In theory you can avoid renting a VPS from EC2 by using AWS CloudShell directly. In practice it doesn't work because the CloudShell will automatically close after 20 minutes of inactivity and transferring 50GB .tgz files form Google Takeout takes more than 1 hour.

Although you could rent a VPS elsewhere (e.g. Google Cloud or Vultr), it's ergonomic to have the server in the same data center as the S3 bucket.

Create an EC2 instance (the t4g.nano is enough) and ssh into it. Copy the script below and replace <your-bucket-name> with—guess what—your bucket name.

If you're going to encrypt your data on the client-side (I would), then replace <your-email-address> with your GPG key's email address. Also make sure to import the key with gpg --import.

Otherwise, just remove the gpg line below.

`dl.sh`

##!/usr/bin/env bash

## Usage: ./dl.sh curl …

## XXX: Set your bucket name here
AWS_S3_BUCKET="<your-bucket-name>"

## XXX: Set your gpg encryption email address here (or remove the `gpg` line)
GPG_EMAIL="<your-email>"

## Gets last argument
filename=${*:16:1}

## Gets all but the last 3 arguments
args=("${@:2:$#-3}")

echo "Downloading: $filename"

## Expands all args (i.e. `args[@]`) in a format that can be reused as input (i.e. `@Q`)
curl "${args[@]@Q}" \
  | gpg --encrypt -r ${GPG_EMAIL} --trust-model always  \
  | aws s3 cp - "s3://${AWS_S3_BUCKET}/${filename}" \
    --storage-class DEEP_ARCHIVE

Optional: Create a swapfile

During my experiments with a t4g.nano, 0.5GB of RAM seems enough, but I recommend creating a swapfile just in case. It helps to prevent the ssh session becoming unresponsive.

Here's a working snippet that creates a 1GB swapfile:

sudo dd if=/dev/zero of=/swapfile count=1024 bs=1M
sudo chmod 600 /swapfile
sudo mkswap /swapfile
sudo swapon /swapfile
echo "/swapfile   none    swap    sw    0   0" | sudo tee -a /etc/fstab

# 3. Generate download URLs

Google Takeout archives can be downloaded from a browser only. Google doesn't offer a URL that works with curl. Of course you can use your browser and download them all normally, but you'd be limited by your computers storage and most importantly by your home internet connection—which is required twice, once for downloading from Google and once to upload to AWS.

The only solution I've found is to use the Firefox extension called cliget. This extension allows you to copy the URL of a download—including headers and cookies—before the download starts.

I've looked for Chromium-based alternatives but it doesn't seem like there are any. If Firefox is not your main browser, you can always install it just for the sake of this process.

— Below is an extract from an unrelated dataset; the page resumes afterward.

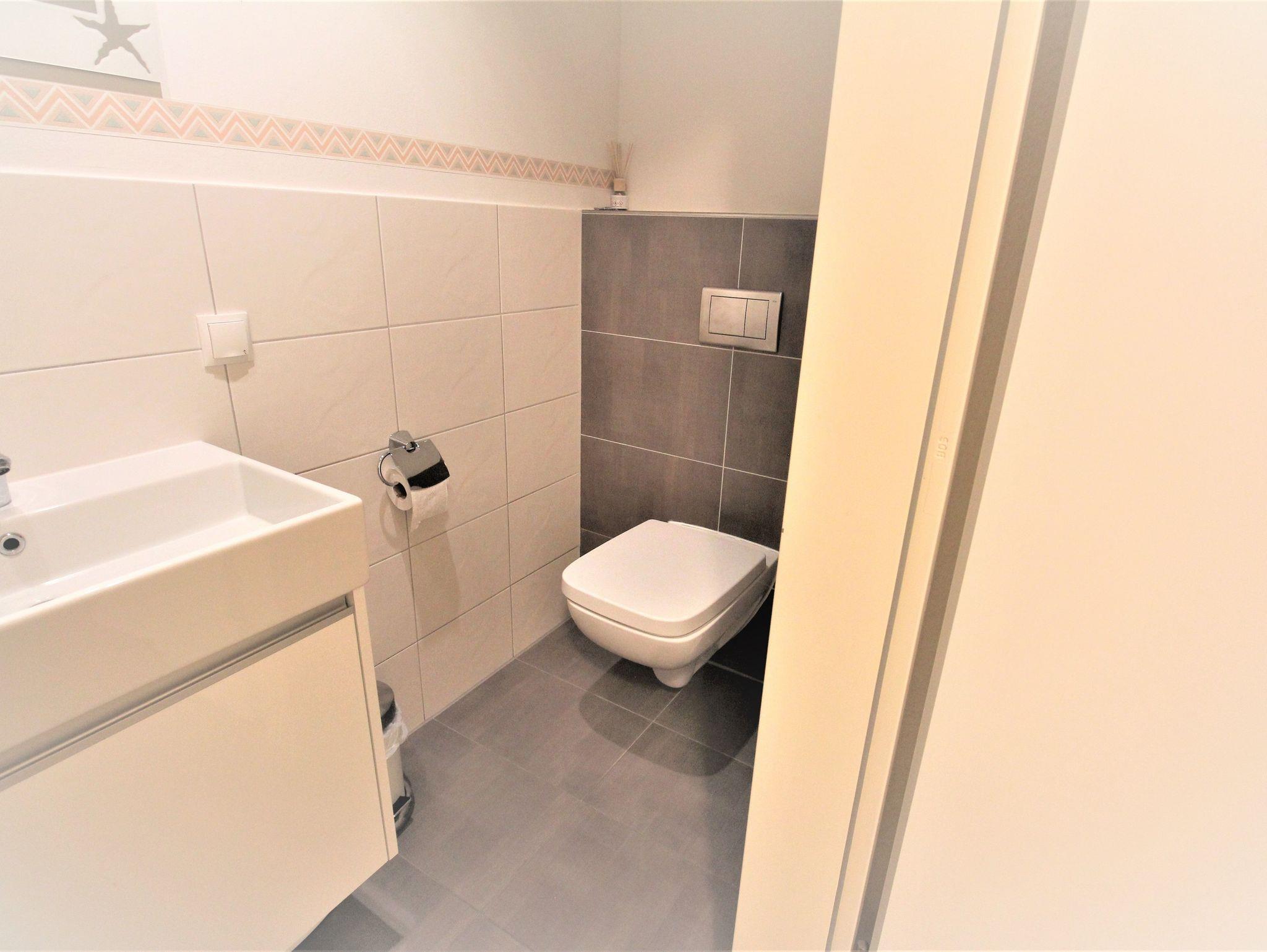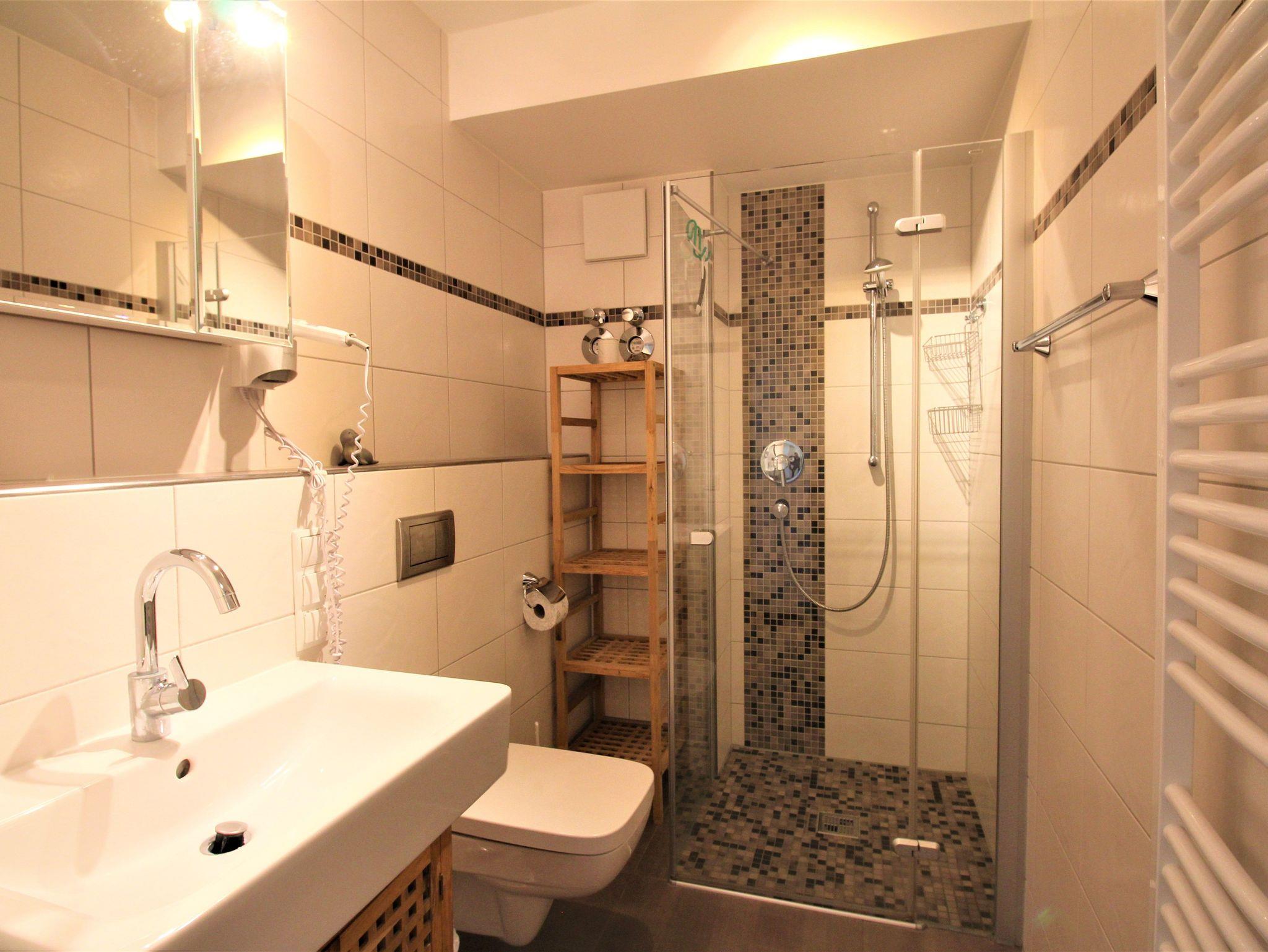 Im Bad finden Sie neben WC, Waschbecken und bodengleicher Dusche einen beleuchteten Spiegel und einen Föhn. Zusätzlich gibt es noch ein zweites WC mit großem Waschbecken.

Wait for email confirmation that your takeout is ready.

email from Google

Spin up Firefox and navigate to Google Takeout. Click to download the first part. When the Download modal opens, dismiss it and click on the extension icon instead.

cliget

Copy this text, we're going to use it in the next step.

cliget

# 4. Transfer the files

On your VPS (ssh), call dl.sh and use as arguments the command line copied from cliget—starting with curl and ending with --output — e.g. ./dl.sh curl …. Do this for each part.

You'll notice the download slows down after a while. Starts at 13MB/s and slows down to less than 1MB/s. I've checked CPU and RAM usage, and even checked the network bandwidth but couldn't find the bottleneck. I'm pretty sure it's just Google's servers throttling the downloads.

# 5. All done

After kicking off downloads for each file part, and waiting a few hours for it to complete, I'd managed to have the whole 400GB of my Google Takeout stored in AWS Deep Archive for $0.40/mo.

Friendly reminder. If you're on GMail, please set up a custom domain. It'll allow you to forward your emails to a different provider should the worst ever happen.